The panel slid aside, leaving a space barely large enough for a man to pass. Through this opening we crept one by one, and descended four narrow steps, to find ourselves in a chamber hollowed out of the foundations of the wall, so small that there was only just room for the three of us to stand in it, our heads being some inches above the level of the floor.
And here I may tell you, Señor Jones, that, though I have never shown it to you, this place still exists, as you may discover by searching the wainscoting. For many years I have used it for the safe keeping of papers and valuables.
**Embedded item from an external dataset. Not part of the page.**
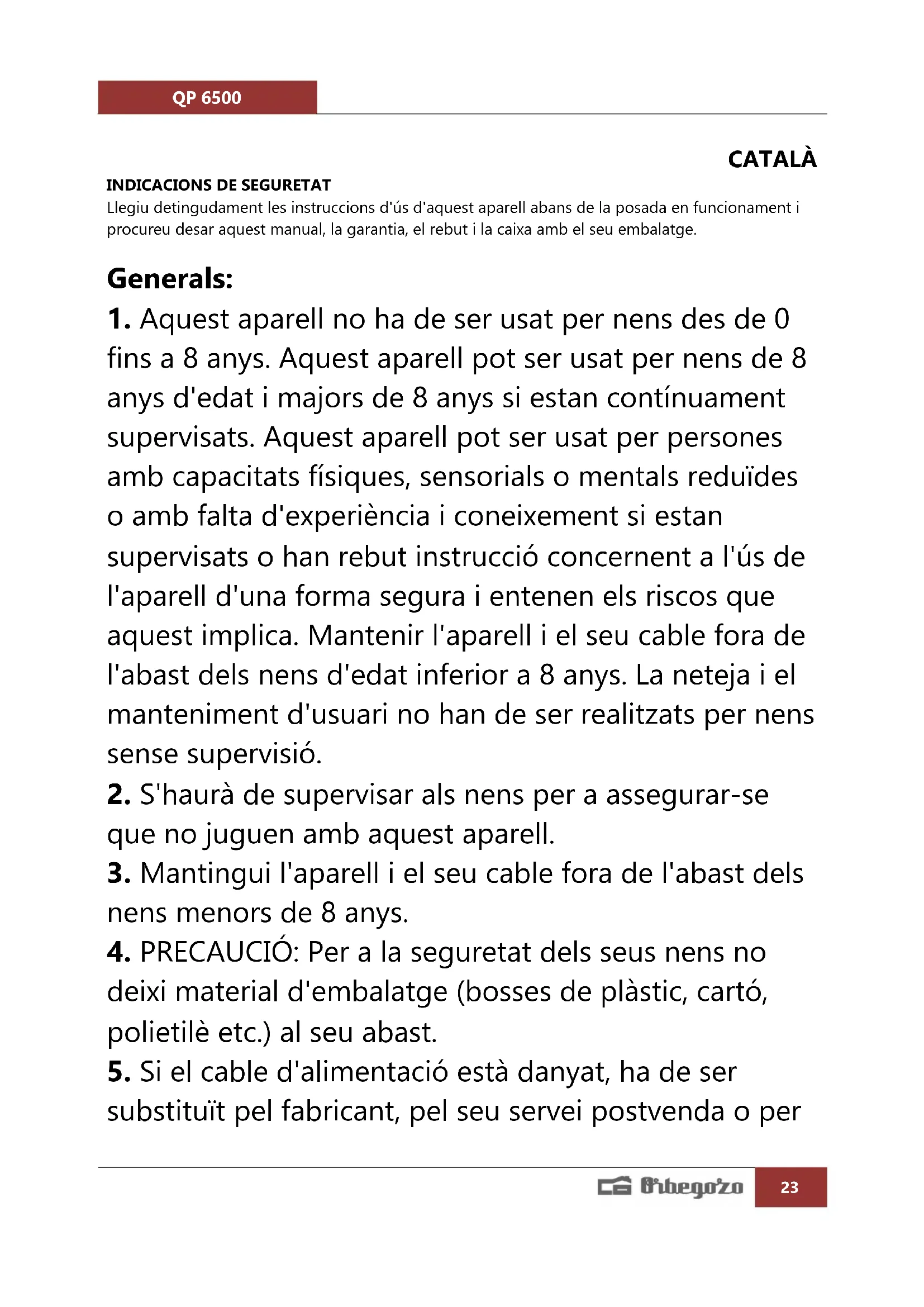 MANUAL D'USUARI QP 6500 Orbegozo
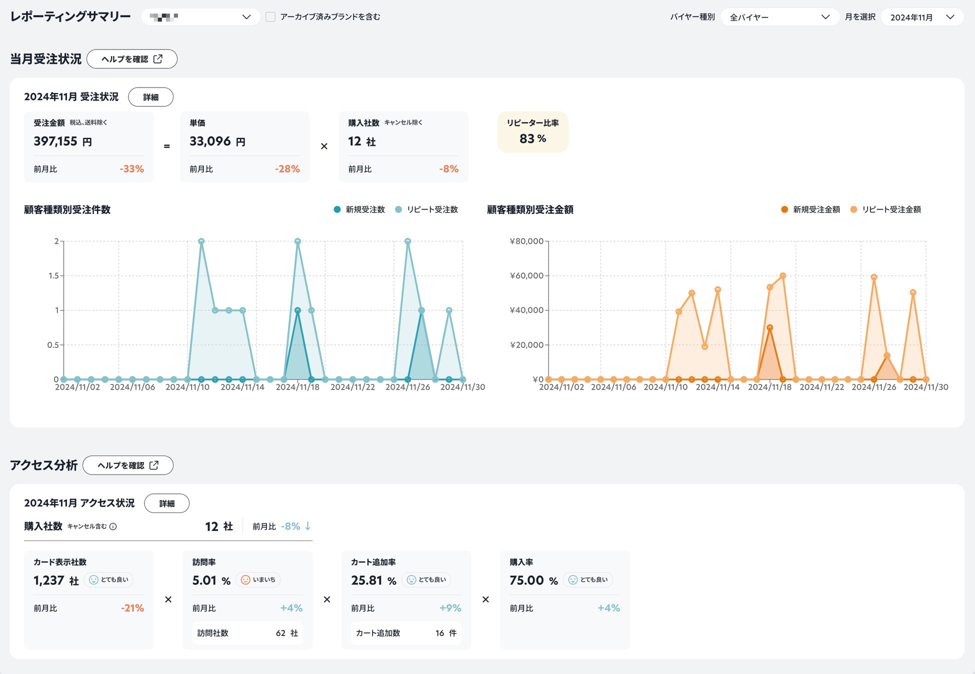 これにより、新規バイヤー数、リピートバイヤー数、リピーター比率、新規受注金額、リピート受注金額などの情報を把握することができる。売上や購入の詳細な内訳を理解し、過去の販売実績の振り返りやリピーターの割合確認に役立つ。

There, by the way, you will find that emerald which I showed you on the first night of our meeting. What the purpose of this chamber was in the time of the abbots I do not know, and perhaps it is as well not to inquire, though they also may have used it to store their wealth.
"How can we save ourselves by crouching here like rats in a drain?" I asked of Molas. "Doubtless the secret of the hiding–place is known to those who live in the house, and they will drag us out and butcher us."
"The woman Luisa says that it is known to none except herself, lord, for she declares that not two months ago she discovered it for the first time by the accident of the broom with which she was sweeping the floor striking against the springs of the panel. Now let us come out for a while, for it is not yet eleven o'clock, and she says that there will be no danger till after midnight."
"Has she any plan for our escape?" I asked.
"She has a plan, though she is doubtful of its success. When the murderers have been, and found us gone, they will think either that we are wizards or that we have made our way out of the house, and will search no more till dawn. Meanwhile, if she can, Luisa will return, and, entering the chamber by the secret entrance, will lead us to the chapel, whence she thinks that we may fly into the forest."
"Where is this secret entrance, Molas?"
"I do not know, lord; she had no time to tell me, but the murderers will come by it. She did tell me, however, that she believes that a man and a woman are imprisoned near the chapel, though she knows nothing of them and never visits the place, because the Indians deem it to be haunted. Doubtless these two are Zibalbay and his daughter, so that if you live to come so far, you may find them there and speak with them."